News / Africa

    Ethiopian Journalists Charged With Inciting Public Violence

    Marthe van der Wolf
    Authorities in Ethiopia have arrested nine journalists and bloggers and charged them with working with a foreign organization to incite public violence. 

    Six bloggers and three journalists were taken into police custody late last week after their houses were searched. They appeared in court Sunday morning and were informed of the charges against them: working with a foreign organization that claims to be a human rights group and agreeing to incite public violence through social media.

    According to Lily Yekoye, a friend of one of the jailed journalists, friends and family are being denied access to their loved ones.

    “After we found out about his arrest Friday night, we went on Saturday morning to drop him breakfast and they told us that they are not allowed to have visitors," she said. "We can only drop the meal at the gate. That was what was happening both Saturday and Sunday, we just dropped the meals.”

    Journalist Tsion Girma, a neighbor of arrested journalist Tesfalem Weldeyes, was present when Tesfalem was taken away by nine men in civilian clothes and two in police uniforms. She said she was very surprised by the arrest.

    “He is not an activist, he is a professional journalist," she said, adding that she was surprised by the arrest. "I known him for the last 10 years, we worked together.”

    The bloggers are from a collective called Zone 9, whose activities the journalists had suspended in recent months, citing harassment.
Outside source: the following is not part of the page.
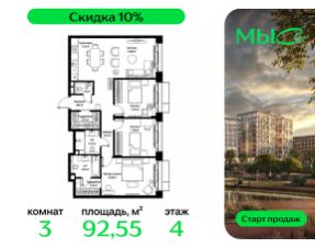 Продаётся 3-к квартира общей площадью 92.55 м² без отделки в премиальном жилом комплексе "МЫС" на 4-м этаже 12 этажного дома. Квартира расположена в корпусе "Волга".

Last week they announced plans to restart their online activities.

    The court case against the bloggers and journalists has been adjourned until May 7.

    About 40 supporters of the opposition Blue Party were also arrested on Thursday and Friday when preparing for a demonstration that was held Sunday.

    Twelve have been released, including party chairman Yilkal Getnet, who says 28 party members are still in police custody for promoting the demonstration.

    “But when we tried to promote and distribute flyers for the demonstration, the sub-city police denied us and restricted us by saying they don’t have any information whether this demonstration is legal or not,” he said.

    The Blue Party said it had sought government approval to hold the rally.

    Human rights organizations such as Amnesty International have criticized the arrests, saying they "appear to be yet another alarming round-up of opposition or independent voices.”

    An adviser to Ethiopia's prime minister, Getachew Redda, says there is "no crackdown of any sort" but adds the arrested people are criminal suspects.

    He also stated that "simply because someone says inflammatory remarks on Twitter or Facebook, doesn’t make them journalists" — but added that if journalists are involved in any criminal activity, "they will be investigated and arrested."

    Ethiopia holds its next national elections in May 2015. About nine months before the 2010 elections there were also many arrests in a single week, including that of prominent blogger Eskinder Nega.